El espacio para la cocina lo
ocupaba un fogón de dos fuegos, un fregadero de un seno minúsculo, una tabla
escasa en la que poder secar los platos y el mencionado frigorífico.
En la parte que daba a la calle
de Alcalá, la pared también estaba abuhardillada, como el techo. Por eso, sólo
se habían podido instalar unos ventanucos largos y estrechos, pero, al menos,
podían abrirse para ventilar algo. Bajo los ventanucos, se había habilitado ese
espacio como una especie de armario en el que, debías apañarte con un par de
baldas. El resto del espacio necesario para guardar la ropa, lo cubría un
armario externo colocado en el salón.
El resto del mobiliario lo
componían un televisor minúsculo que descansaba sobre una silla, un sofá cama y
una mesa camilla con tres sillas. Todo ello sobre una moqueta de color rojo que
debía albergar recuerdos de cuando el rey Sisebuto pasó por el lugar.
Aunque lo mejor que tenía aquel
reducto de felicidad era la terraza. Una terraza que daba a una zona interior y
que no podías utilizar ni en invierno ni en verano por obvias razones. Ahí, en
la terraza, estaba colocado el aparato de gas que proporcionaba agua caliente y
calefacción en invierno.
Recuerdo que el alquiler eran
16.000 pesetas al mes, o lo que es lo mismo 96€. Lo que daría hoy más de uno
por encontrar algo parecido.
Pero pronto aprendí que aquel
sitio tan romántico y tan estupendo, en realidad tenía algunas deficiencias.
Por ejemplo.
El calor en verano era
considerable. A pesar de tener abiertos los ventanucos y la terraza, y a pesar
de estar en la última planta del edificio, no es que hubiera mucha corriente
que digamos. Así es que sólo quedaba la opción de un ventilador.
En invierno, sin embargo, el
problema era mayor. No se trataba de que hiciera mucho frío, nada de eso. La
calefacción que proporcionaba el calentador de la terraza era más que suficiente.
El problema era que los días que hacía mucho viento, el calentador se pagaba,
se apagaba la llama y entonces, te despertaba el frío. Entonces, tenía que
armarte de valor, coger una caja de cerillas, salir a la terraza con un viento
frío de narices e intentar una y otra vez volver a encender el calentador. Y
rezar para que el viento no volviera a apagar la llama.
Pero volvamos al verano.
A la hora de dormir por la noche
el calor era insoportable. Aquello parecía un horno y no había forma de que
corriese el aire. Entonces, se me ocurrió una idea genial. No iba a cambiar la
temperatura del aire, pero haría que yo pudiera dormir.

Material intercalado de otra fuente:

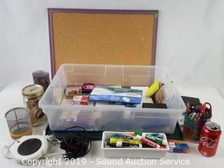 Lot #0365: Cork Board & Tote Loaded w/Office Supplies
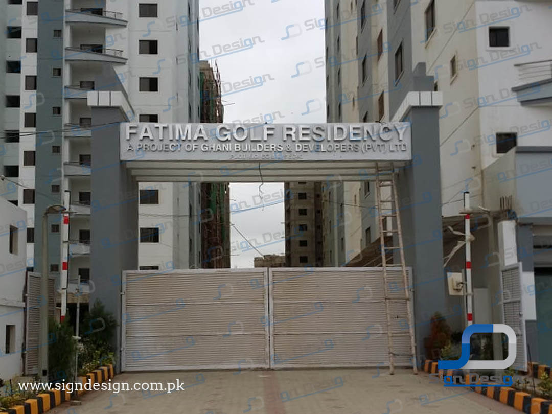 The completed signage now stands as a landmark feature of Fatima Golf Residency. Its sleek metallic look during the day and radiant illumination at night provide a lasting impression, enhancing the overall branding of the property and delivering exactly the premium identity the client envisioned.
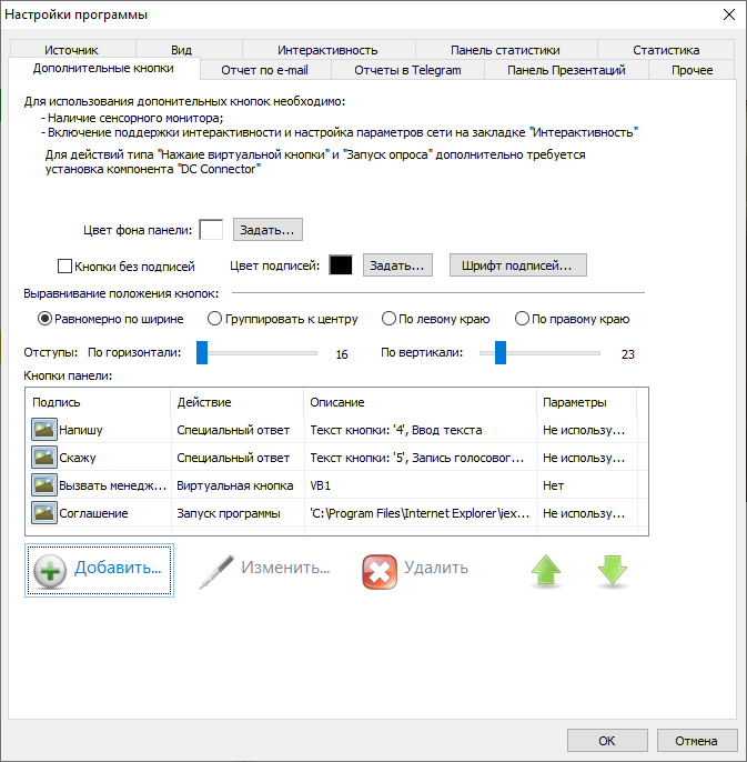 В интерактивном режиме, программа также поддерживает возможность размещения на панели статистики дополнительных кнопок.
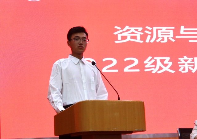 2022级环境工程专业李天阔代表新生发言,表示会珍惜公司丰富而宝贵的学习资源,发现学科之美,热爱所学专业,在专业领域积极进取,不断提高自己综合能力,实现自身价值
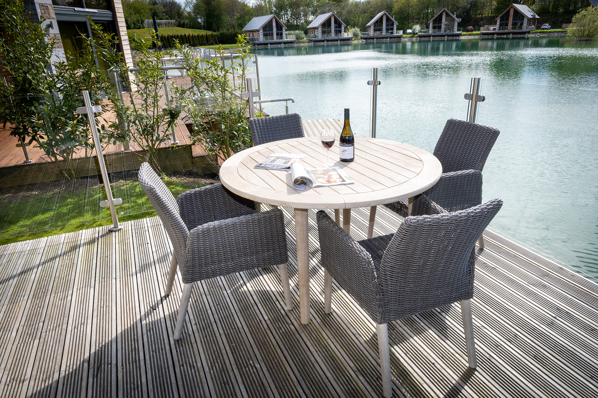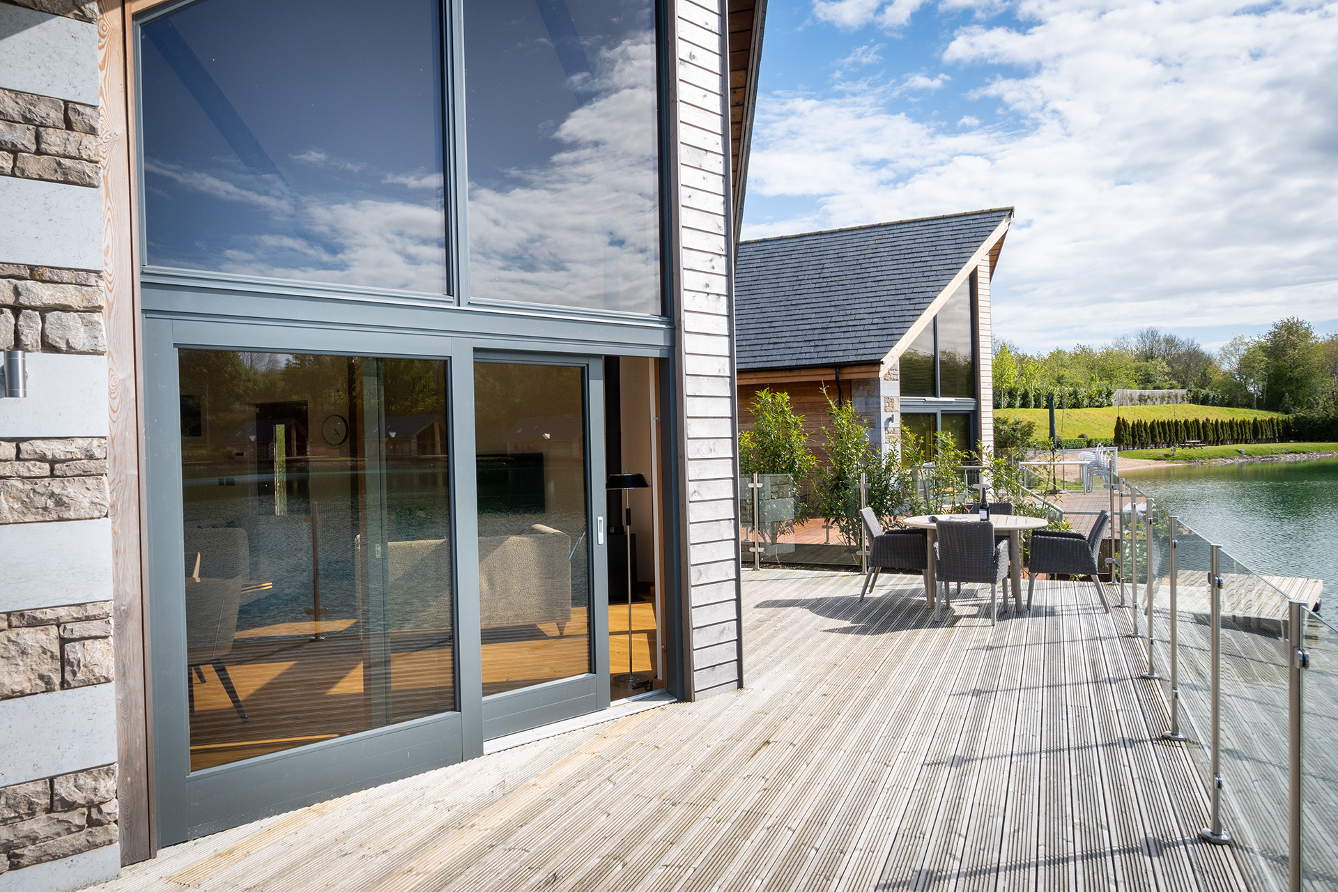 Lakeside enjoys a very contemporary spacious living space with a double height sitting room. The interior designer owners have created a luxurious and special interior. It is comfortable and airy with access through sliding patio doors onto the decking where you will find outdoor dining furniture and the hot tub.
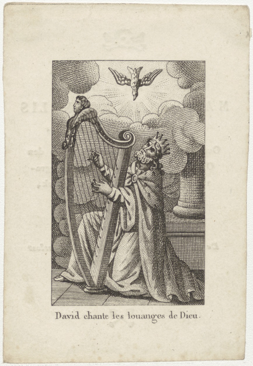 David speelt op de harp (Frans), kz. Bid voor ziel Bouwinkelman (+1826) Amsterdam
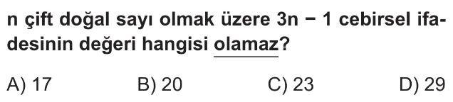 6. Sınıf Bilinmeyen Nicelikler Test 2
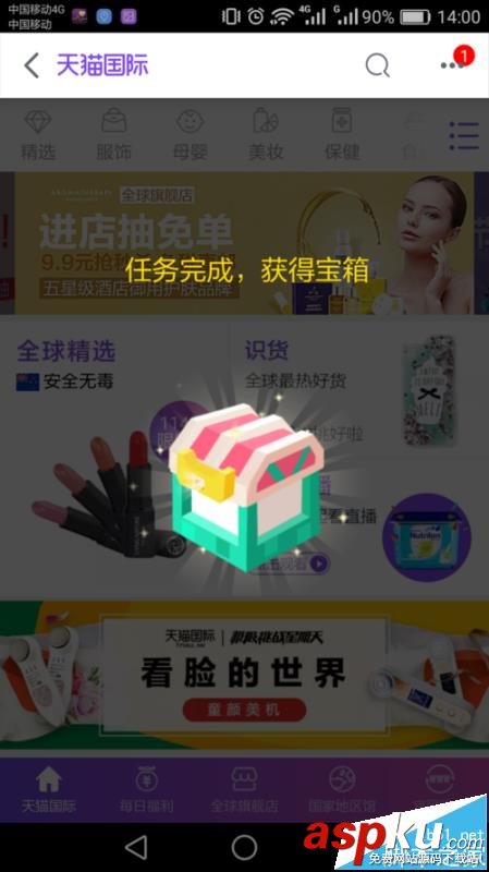3、点击上面两个任务,进入到任务栏里面,第一个任务是“进入天猫国际首页浏览首页十秒钟”。进入后等待十秒钟,也可以在里面查看十秒钟。
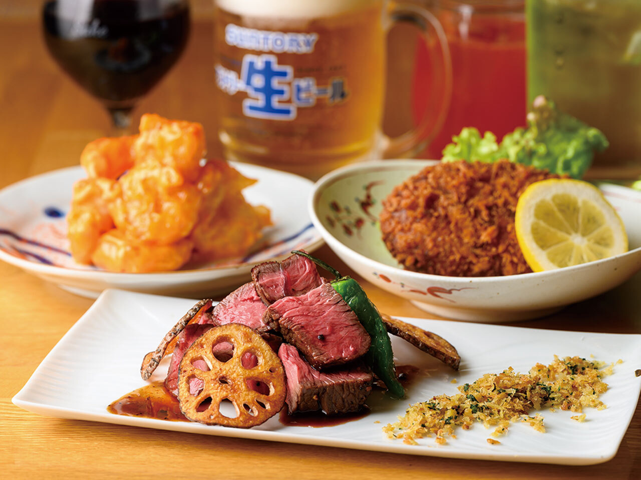 リーズナブルな価格で、和・洋のどちらも使った日替わり創作料理が堪能できる。旬の食材を使った料理が280円から食べられるのも魅力! さらに、90分1,099円の飲み放題は生ビール1杯付き(土日祝前日除く)で、500円で30分の延長ができるのも◎!
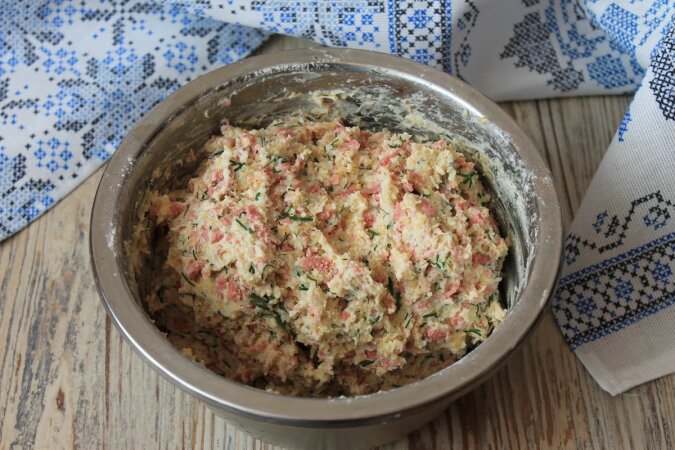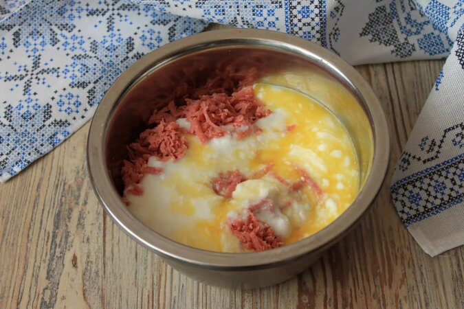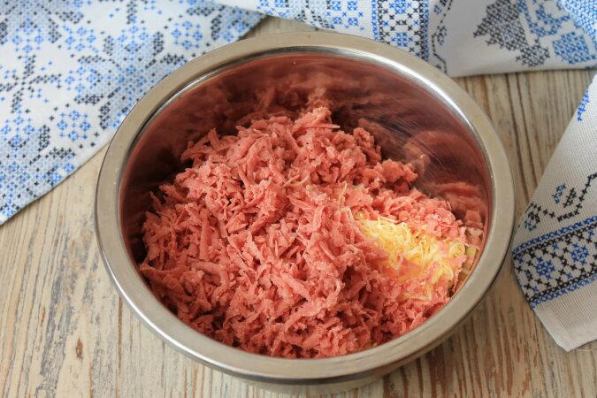 Następnie na grubej tarce zetrzyj wędzoną kiełbasę do miski z serem.
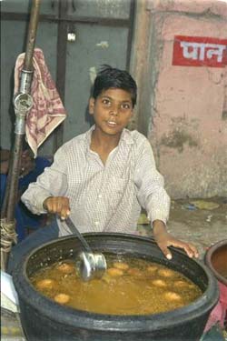 Onze gids Praveen een verteller pur sang rolt even met zijn ogen. Dàt hadden we nou net niet moeten zien. Een man steekt zijn niet echt propere arm tot aan zijn ellebogen in een melkbus om wrijvend tussen zijn vingers het vetgehalte te bepalen. Om het witte spul vervolgens aan te lengen met smoezelig water. "Ook dat is India," zegt hij gelaten. Onze koffie? Die besluiten we voortaan maar zwart te drinken...
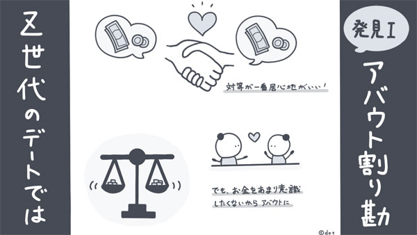 【発見1】Z世代のデートではアバウト割り勘が基本。男女問わず割り勘にしたい理由は、対等な関係でいられることが一番居心地良いから。一方で、アバウトに割っているのはデート中にあまりお金を意識したくないため。
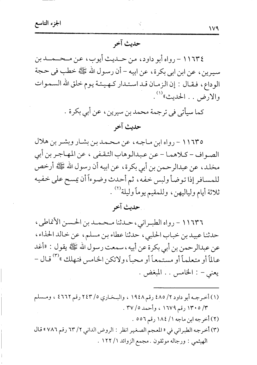 11634 - رواه أبو داود، من حديث أيوب، عن محمد بن سيرين، عن ابن أبى بكرة، عن أبيه ـ أن رسول الله - صلى الله عليه وسلم - خطب فى حجة الوداع، فقال: «إن الزمان قد استدار كهيئة يوم خلق الله السموات والأرض.. الحديث» (¬1) .

Tomé una de las sillas de la mesa
del comedor, coloqué sobre ella el ventilador, lo puse todo al borde de la cama
nido donde dormía y, para terminar, humedecí una toalla y la puse sobre mi
espalda. Aquello fue el invento del siglo. Probablemente, no era muy aconsejable
desde un punto de vista de la salud, pero era mucho peor pasarse toda la noche
sudando y sin dormir.
Transcurrida toda una vida desde
entonces y con todo tipo de vicisitudes vividas – tengo varios libros que así
lo atestiguan – ahora sí dispongo de aire acondicionado.
Yo disfruto poniendo el aire a
una temperatura en la que pueda tener algo de escarcha en los piececitos y viendo
cómo juegan los pingüinos en el salón. Así es que espero que se comprenda mi
frustración cuando mi mujer dice que está encantada de la vida cuando fuera, en
la calle, caen 46 grados a plomo y dentro de casa estamos a 28. Yo voy en busca
del botón del aire acondicionado con la misma ansia que un perdido en el
desierto va en busca del oasis y de pronto escucho la pregunta clave:” ¿pero es
que tienes calor?”
Y a ver quién se atreve a encenderlo.